▸ Provided records:
·····

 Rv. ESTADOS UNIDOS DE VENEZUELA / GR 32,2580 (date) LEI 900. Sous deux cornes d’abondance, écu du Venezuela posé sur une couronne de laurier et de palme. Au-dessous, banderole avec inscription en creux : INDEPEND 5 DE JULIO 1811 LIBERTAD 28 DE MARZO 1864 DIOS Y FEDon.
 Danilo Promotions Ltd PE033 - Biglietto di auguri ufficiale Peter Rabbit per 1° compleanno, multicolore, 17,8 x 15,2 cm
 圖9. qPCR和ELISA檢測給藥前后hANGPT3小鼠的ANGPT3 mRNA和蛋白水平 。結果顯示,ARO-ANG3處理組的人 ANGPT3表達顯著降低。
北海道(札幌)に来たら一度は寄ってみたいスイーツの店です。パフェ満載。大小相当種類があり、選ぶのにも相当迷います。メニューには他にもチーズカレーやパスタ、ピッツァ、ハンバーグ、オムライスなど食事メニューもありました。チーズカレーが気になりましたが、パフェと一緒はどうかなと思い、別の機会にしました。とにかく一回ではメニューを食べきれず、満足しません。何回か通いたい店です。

·····

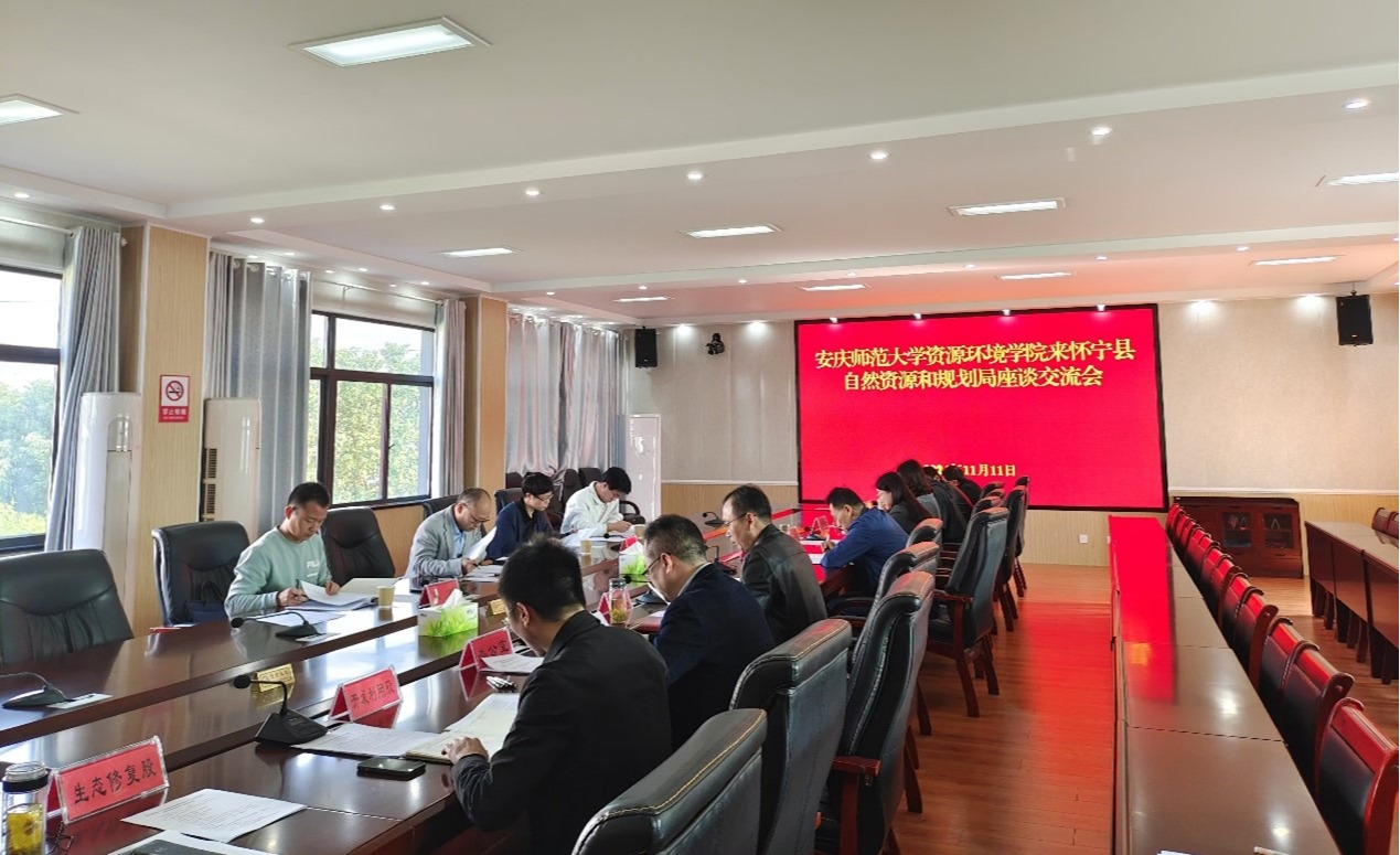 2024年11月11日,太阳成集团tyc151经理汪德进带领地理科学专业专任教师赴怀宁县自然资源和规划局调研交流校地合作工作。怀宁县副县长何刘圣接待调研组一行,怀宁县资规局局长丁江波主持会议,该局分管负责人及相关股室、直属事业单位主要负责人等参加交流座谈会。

·····

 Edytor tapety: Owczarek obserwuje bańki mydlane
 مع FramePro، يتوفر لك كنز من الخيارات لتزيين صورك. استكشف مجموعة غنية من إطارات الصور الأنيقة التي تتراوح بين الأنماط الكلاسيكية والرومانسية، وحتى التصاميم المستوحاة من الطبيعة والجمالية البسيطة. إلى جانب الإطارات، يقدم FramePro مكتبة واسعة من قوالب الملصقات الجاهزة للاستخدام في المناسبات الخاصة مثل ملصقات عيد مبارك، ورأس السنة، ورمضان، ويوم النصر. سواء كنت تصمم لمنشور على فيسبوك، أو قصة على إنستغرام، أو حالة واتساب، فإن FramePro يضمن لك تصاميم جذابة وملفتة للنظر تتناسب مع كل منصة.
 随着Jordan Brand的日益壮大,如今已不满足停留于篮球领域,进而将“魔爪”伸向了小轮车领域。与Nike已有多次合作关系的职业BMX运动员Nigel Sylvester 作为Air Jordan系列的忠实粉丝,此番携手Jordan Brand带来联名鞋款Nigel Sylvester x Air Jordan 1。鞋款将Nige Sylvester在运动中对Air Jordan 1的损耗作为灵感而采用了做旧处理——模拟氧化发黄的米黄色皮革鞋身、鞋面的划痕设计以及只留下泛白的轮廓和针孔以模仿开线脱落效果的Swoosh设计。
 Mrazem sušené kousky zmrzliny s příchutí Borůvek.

·····

▸ What this task involves: The lines to extract from the data above begin with the line containing "Sylvester 作为Air Jordan系列的忠实粉丝,此番携手Jordan" and end with the line containing "Mrazem sušené kousky". Extract them exactly, including both.

▸ Response below:
 随着Jordan Brand的日益壮大,如今已不满足停留于篮球领域,进而将“魔爪”伸向了小轮车领域。与Nike已有多次合作关系的职业BMX运动员Nigel Sylvester 作为Air Jordan系列的忠实粉丝,此番携手Jordan Brand带来联名鞋款Nigel Sylvester x Air Jordan 1。鞋款将Nige Sylvester在运动中对Air Jordan 1的损耗作为灵感而采用了做旧处理——模拟氧化发黄的米黄色皮革鞋身、鞋面的划痕设计以及只留下泛白的轮廓和针孔以模仿开线脱落效果的Swoosh设计。
 Mrazem sušené kousky zmrzliny s příchutí Borůvek.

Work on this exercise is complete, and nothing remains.